*EXERCISE REQUIREMENTS*. Retype, word for word, every line starting at the line with "weight - 120lbs" and ending with the final line of the entries; skip the pictures.

--- RECORDED DATA ---

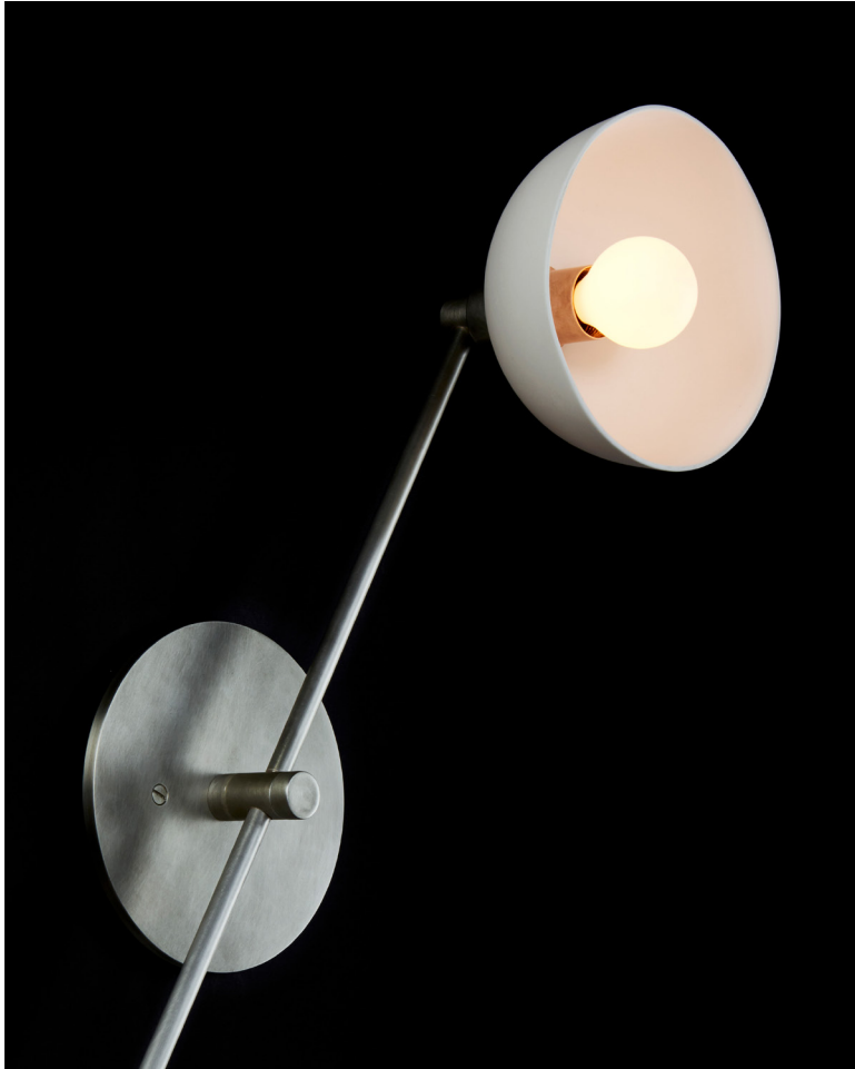
TARNISHED SILVER / PORCELAIN
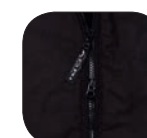
Two way zip with AGRI STATION puller
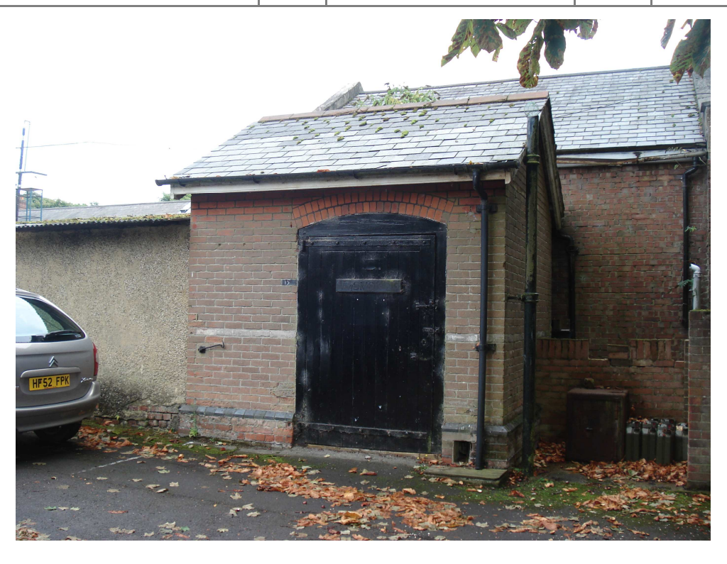
Outbuilding (possibly dressing or disinfecting shed), part of a group of outbuildings to north and north-west of Fitzwygram House, Gallwey Road, Aldershot
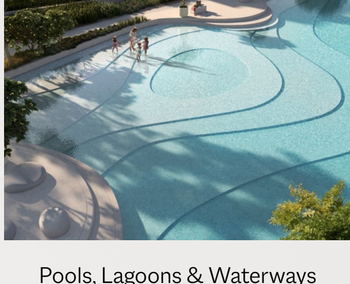
Pools, Lagoons & Waterways
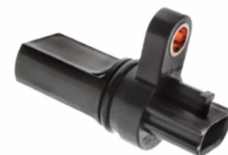
Nissan Camshaft Sensor PC464
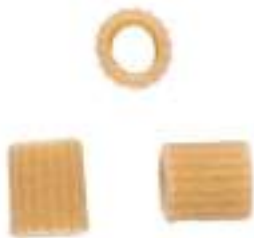
DITALI RIGATI n.83
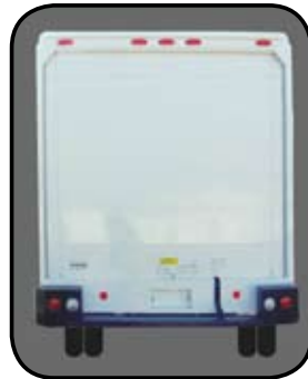
Full Width Roll-Up
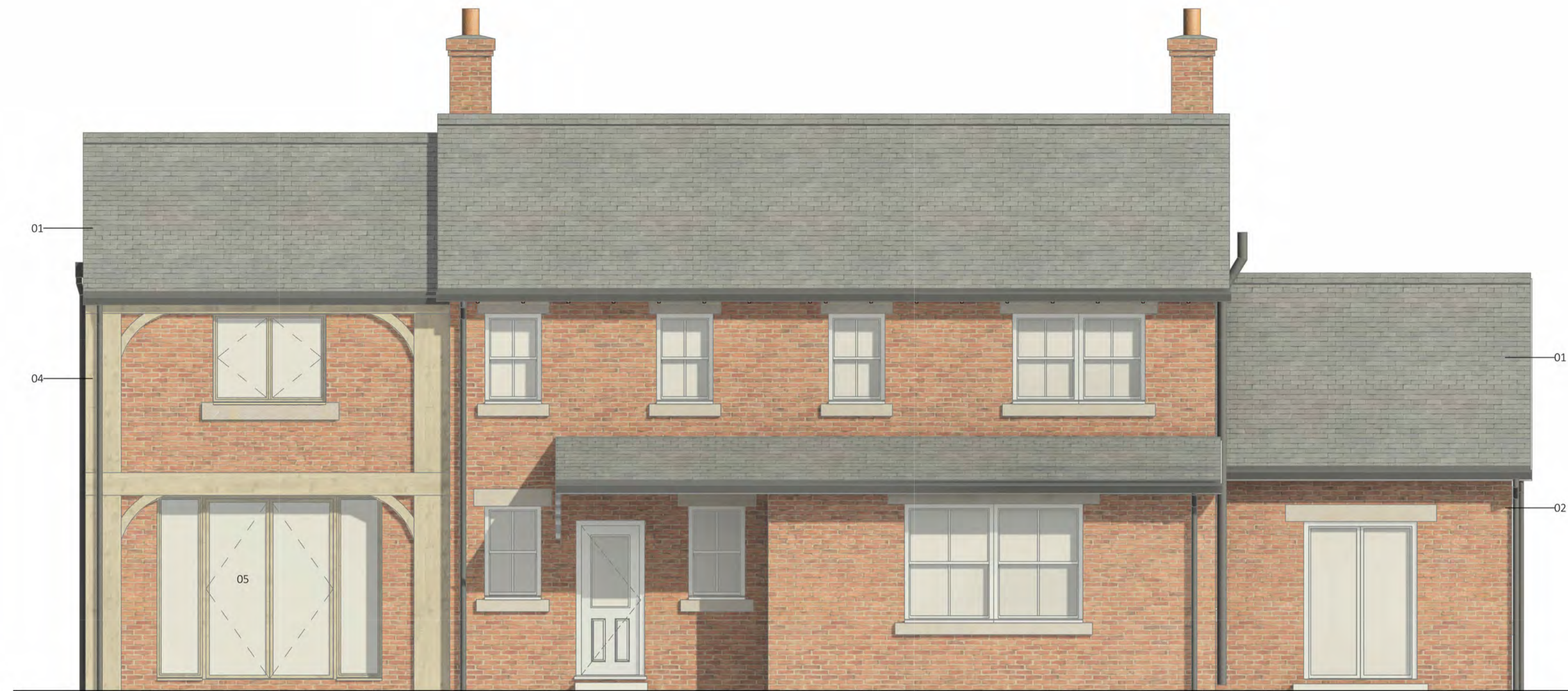
Proposed North Elevation 1 : 50
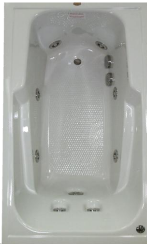
60"x32"x20" Shipping weight - 120lbs

Inside Bottom Dimension 39"L x 16"W(+/- 1/2")
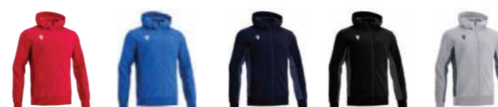
0200 RED/DARK RED ROSSO/ROSSO SCURO 0300 ROYAL BLUE/DARK ROYAL BLUE BLU ROYAL/BLU ROYAL SCURO 0700 NAVY/LIGHT NAVY NAVY/NAVY CHIARO 0928 BLACK/ANTHRACITE NERO/ANTRACITE 1928 GREY MELANGE/ANTHRACITE GRIGIO MELANGE/ANTRACITE
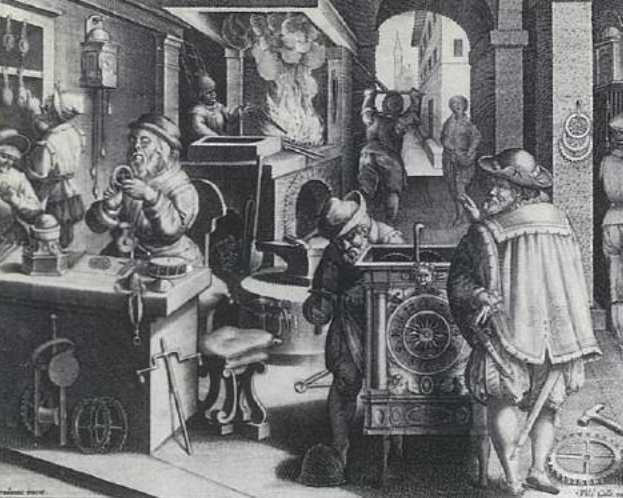
HOROLOGIA FERREA. Rota aqua ferrea aetherisq; volatur, Reclinet aequè et hæc et illa tempora nulla fluenda volucras parat per la regem dæmon, ab omni modo abscidit hæc et aqua...

---

*OUTPUT BELOW*.
60"x32"x20" Shipping weight - 120lbs

Inside Bottom Dimension 39"L x 16"W(+/- 1/2")
0200 RED/DARK RED ROSSO/ROSSO SCURO 0300 ROYAL BLUE/DARK ROYAL BLUE BLU ROYAL/BLU ROYAL SCURO 0700 NAVY/LIGHT NAVY NAVY/NAVY CHIARO 0928 BLACK/ANTHRACITE NERO/ANTRACITE 1928 GREY MELANGE/ANTHRACITE GRIGIO MELANGE/ANTRACITE
HOROLOGIA FERREA. Rota aqua ferrea aetherisq; volatur, Reclinet aequè et hæc et illa tempora nulla fluenda volucras parat per la regem dæmon, ab omni modo abscidit hæc et aqua...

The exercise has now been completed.